With 7,000 paying customers and $500k in monthly revenue (tracking to $6M ARR), Shopper Approved maintains exceptional unit economics. They churn only 10% annually, generate 10-20%+ profit margins, and have created a repeatable playbook that's made them the last independent standing in a consolidating market. Brandley, now 42 with four kids, credits disciplined processes for success. He's studied Russell Brunson and swears by Google Docs. When asked how to get rich from a bootstrapped company, his answer was simple: take profits and reinvest into validated ideas using the same process that built Shopper Approved.
- •By identifying a specific flaw in existing platforms (review score bias toward negative feedback), Shopper Approved solved a problem competitors ignored, allowing them to command premium pricing from businesses desperate for fairer metrics.
- •Their ultra-low 0.08% monthly churn rate made high customer acquisition costs economically viable, enabling them to outspend bootstrapped competitors on direct sales while still achieving profitability within months.
- •By staying lean (under 30 people) and rejecting VC funding, Shopper Approved avoided the bloated cost structures and growth-at-all-costs pressure that forced better-funded competitors like TrustPilot into unsustainable burn rates.
- •Building proprietary integrations with Google, Yahoo, and Bing created a defensible moat that only a handful of companies worldwide could replicate, giving them sustainable competitive advantage without network effects alone.
- 1.Identify a specific, measurable way that existing market-leading tools fail their customers, then validate that businesses would pay to fix that exact gap before building your product.
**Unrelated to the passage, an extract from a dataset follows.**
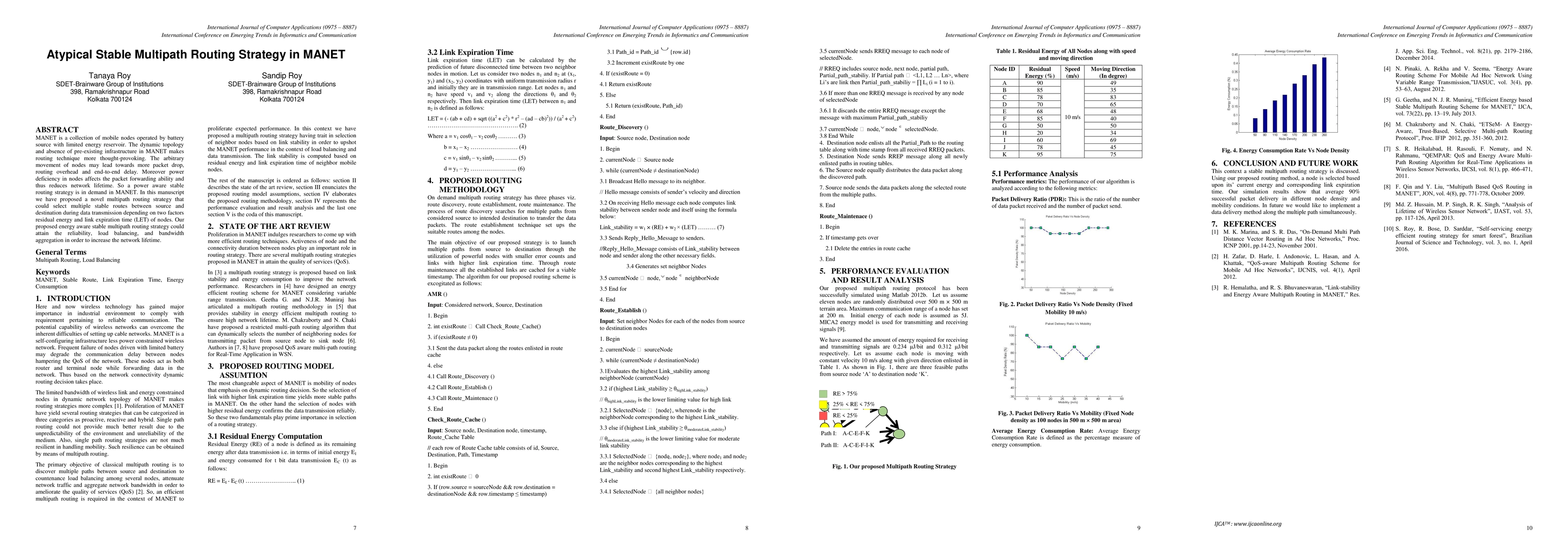 This paper proposes a novel multipath routing strategy for MANETs that selects multiple stable routes based on residual energy and link expiration time to enhance reliability, balance load, and aggregate bandwidth, thereby extending network lifetime. The strategy aims to mitigate packet drops, routing overhead, and delays in dynamic, infrastructure-less networks.

- 2.Structure your pricing and unit economics so that a high customer acquisition cost (e.g., $400) can be recovered within 4-6 months, allowing you to fund direct sales without external capital.
- 3.Build direct partnerships with major distribution channels (search engines, marketplaces, platforms) that can syndicate your core product, creating defensibility that competitors cannot quickly replicate.
- 4.Set a strict rule to only acquire customers who will have very low ongoing support costs and predictable, long-term contract value, then reinvest all profits into building additional products with the same economics rather than scaling one product infinitely.